Gianotti Luca, Sandini Marta
School of Medicine and Surgery, University of Milano-Bicocca and Department of Surgery, San Gerardo Hospital, Monza, Italy.
Department of General, Visceral and Transplantation Surgery, University of Heidelberg, Heidelberg, Germany.
Clin Nutr. 2020 Aug;39(8):2347-2357. doi: 10.1016/j.clnu.2019.10.029. Epub 2019 Nov 2.
BACKGROUND & AIM: The perioperative severe changes in the nutritional and metabolic homeostasis are, by some means, proportional to the extent of tissue injury and magnitude of operative trauma. An adequate qualitative and quantitative replacement of nutritional substrates are of utmost importance to facilitate proper tissue healing and recovery and maintenance of organ function after surgery.
The present manuscript has been planned to put the most recent research of the Milano-Bicocca University surgical working group in the context of a more personalized nutritional therapy and metabolic care for surgical patients. Particular prominence has been given to major pancreatic resections because these surgeries are among the most complex and challenging operations for the degree of parenchyma resection and tissue dissection, the consequent overall injury, and the fairly high rate of major complications resulting in a catabolic response.
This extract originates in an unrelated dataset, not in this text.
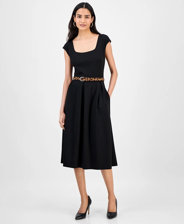 julia jordan Women's Faux-Suede Sash-Belt Notch-Lapel Dress

Anthropometric parameters and particularly sarcopenia, visceral obesity - and their relative proportion -, are strongly associated with poor outcome after pancreatic surgery. Adequate perioperative nutritional therapy is of utmost importance in affecting morbidity. Long-term nutritional and metabolic sequelae, caused by exocrine pancreatic insufficiency, need to be promptly recognized and treated with an adequate enzyme supplementation.
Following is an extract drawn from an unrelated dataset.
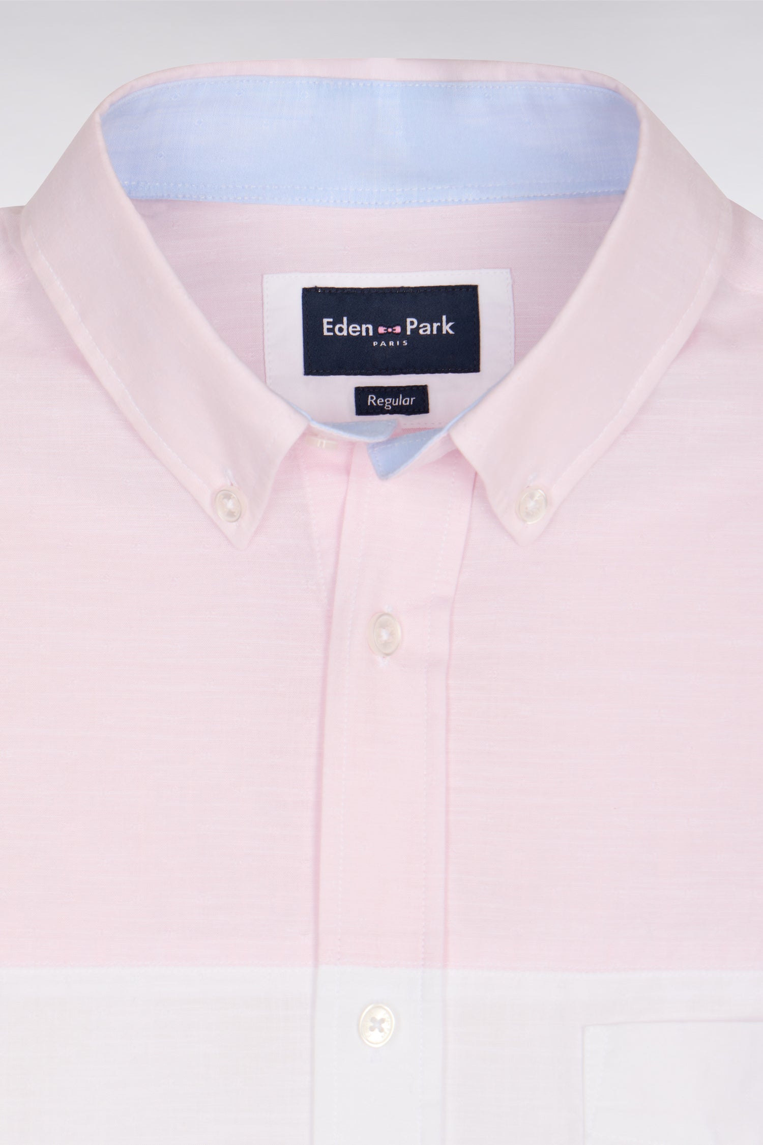 Cette chemise manches longues en jacquard Dobby italien revisite l’esthétique patchwork typique d'Eden Park dans une version sport-chic. Sa construction coupée-cousue en trois couleurs placées en bandes horizontales crée un contraste graphique subtil. Sa coupe droite assure une aisance naturelle au porté, tandis que le col à pointes boutonnées et la poche plaquée sur la poitrine apportent un esprit sport chic.

There is strong evidence sustaining the necessity of proper perioperative metabolic and nutritional care into the management of patients undergoing major pancreatic surgery.
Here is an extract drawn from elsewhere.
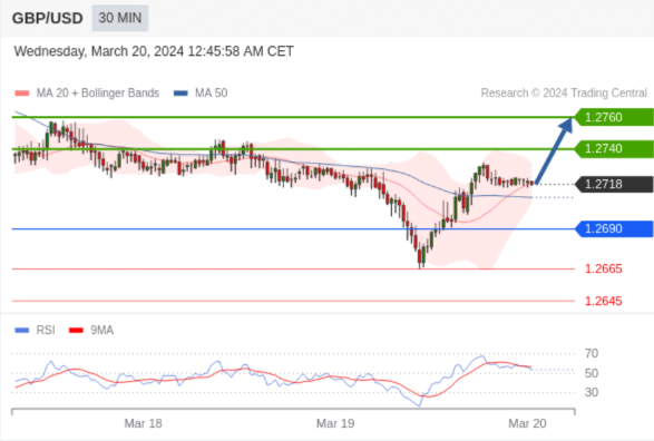 在 1.2690 之上,看涨,目标价位为 1.2740 ,然后为 1.2760 。

围手术期营养和代谢稳态的严重变化在某种程度上与组织损伤程度和手术创伤大小成正比。充分进行营养底物的定性和定量补充对于促进术后组织的正常愈合、恢复以及维持器官功能至关重要。
本手稿旨在将米兰比可卡大学外科工作组的最新研究置于为外科患者提供更个性化营养治疗和代谢护理的背景下。特别强调了胰腺大部切除术,因为这些手术在实质切除程度、组织解剖、随之而来的整体损伤以及导致分解代谢反应的较高主要并发症发生率方面,属于最复杂且最具挑战性的手术。
人体测量参数,尤其是肌肉减少症、内脏肥胖及其相对比例,与胰腺手术后的不良预后密切相关。充分的围手术期营养治疗对于影响发病率至关重要。由外分泌性胰腺功能不全引起的长期营养和代谢后遗症需要及时识别,并通过适当补充酶进行治疗。
有强有力的证据支持在接受胰腺大部手术患者的管理中进行适当围手术期代谢和营养护理的必要性。